Championing long-overdue innovations that target roughly half the world’s population, femtech is on the rise, encouraging a more open and practical discourse around issues typically regarded as taboo. And with potential applications in less economically developed countries where traditional contraception and feminine products are difficult to obtain, this is one vital trend that promises to boom on a global scale.

How femtech works

Apps which track periods and fertility are typically based on algorithms that learn each user’s unique cycle, giving the added benefit of helping women to learn about their bodies’ processes and better understand how they work as a whole.

According to Natural Cycles, the app’s algorithm uses basal temperature – which indirectly indicates hormone levels – to detect cycle stage and measure whether there is a risk of getting pregnant that day.

Continued use enables the algorithm to learn patterns, and it becomes able to predict when the user will be ovulating, when their period will come, and more.

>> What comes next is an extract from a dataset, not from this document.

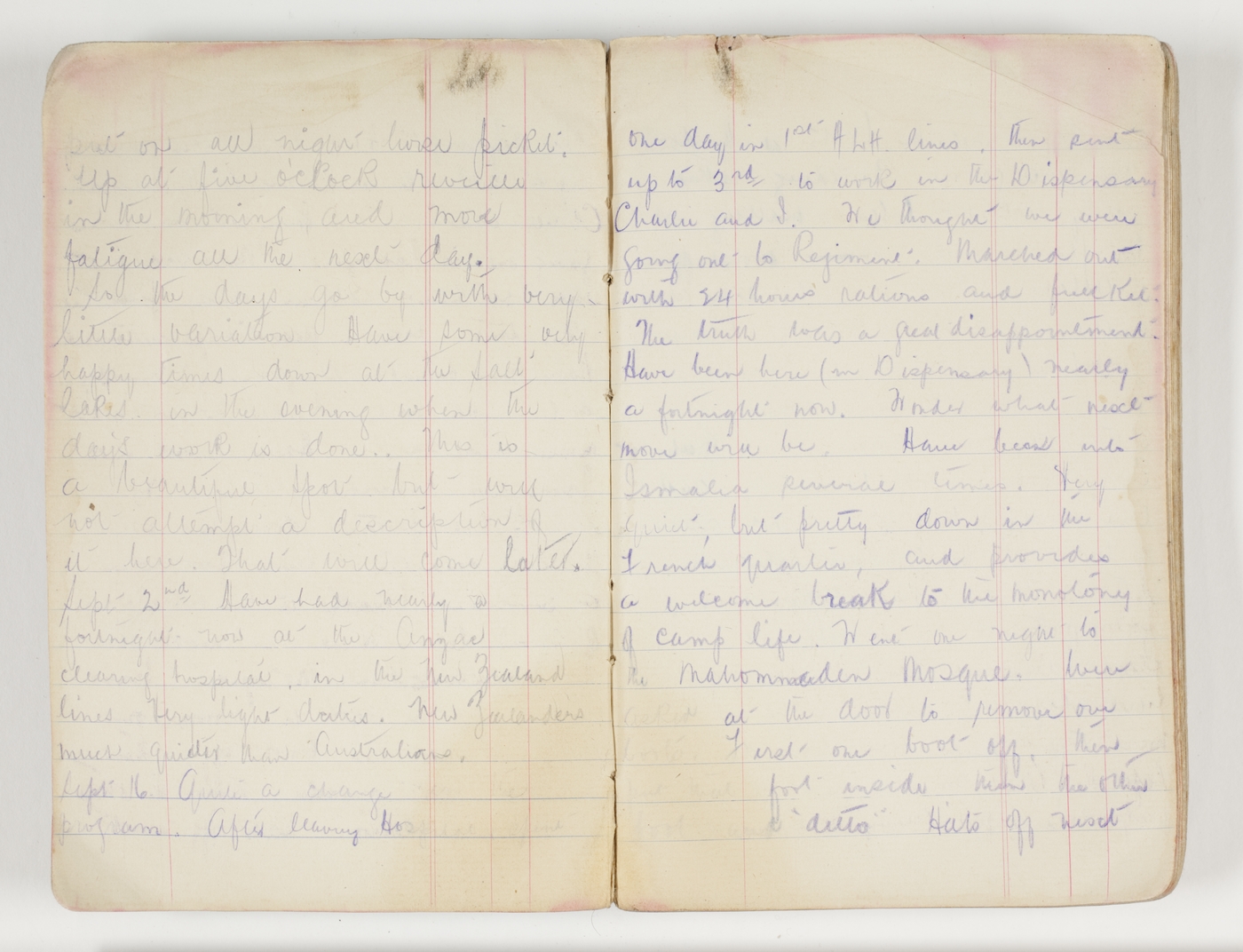 Sept 16 Quite a change in the program. After leaving Hospital spent one day in 1st ALH lines, then sent up to 3rd to work in the Dispensary Charlie and I. We thought we were going out to Regiment. Marched out with 24 hours rations and full kit. The truth was a great disappointment. Have been here (in Dispensary) nearly a fortnight now. Wonder what next move will be. Have been into Ismalia several times, very quiet, but pretty down in the French quarter, and provides a welcome break to the monotony of camp life. Went one night to the Mahommaden Mosque. Were asked at the door to remove our boots. First one boot off, then put that foot inside, then the other boot and ditto Hats off next

Importantly, factors such as sperm survival rates, temperature fluctuations and cycle irregularities are taken into account, though the start-up says it may not be suitable for those with constantly irregular cycles.

Ava’s smart bracelet has a contrasting purpose – to help women conceive by calculating their fertile window – but similarly uses an algorithm which learns its user’s cycle based on physiological measures.

Ava’s bracelet, which is worn overnight, measures factors including skin temperature, bioimpedance, perfusion, heart rate variability and more; and even includes an accelerometer which measures sleep movement.

Lucie Greene, worldwide director of The Innovation Group at JWT, says: “Trailblazing female entrepreneurs are leading a new wave of fem-centric health tech, creating smart products designed around women’s physical needs.

“Why it’s interesting: For a long time, Big Tech giants largely ignored women as a consumer technology market, but that’s changing. As a market, women represent an opportunity bigger than China and India put together, controlling $20 trillion in consumer spending.

“This new wave of female-led start-ups is creating tech health products with a female-centric, empathetic lens and a refreshing design aesthetic to meet this powerful consumer group’s needs.”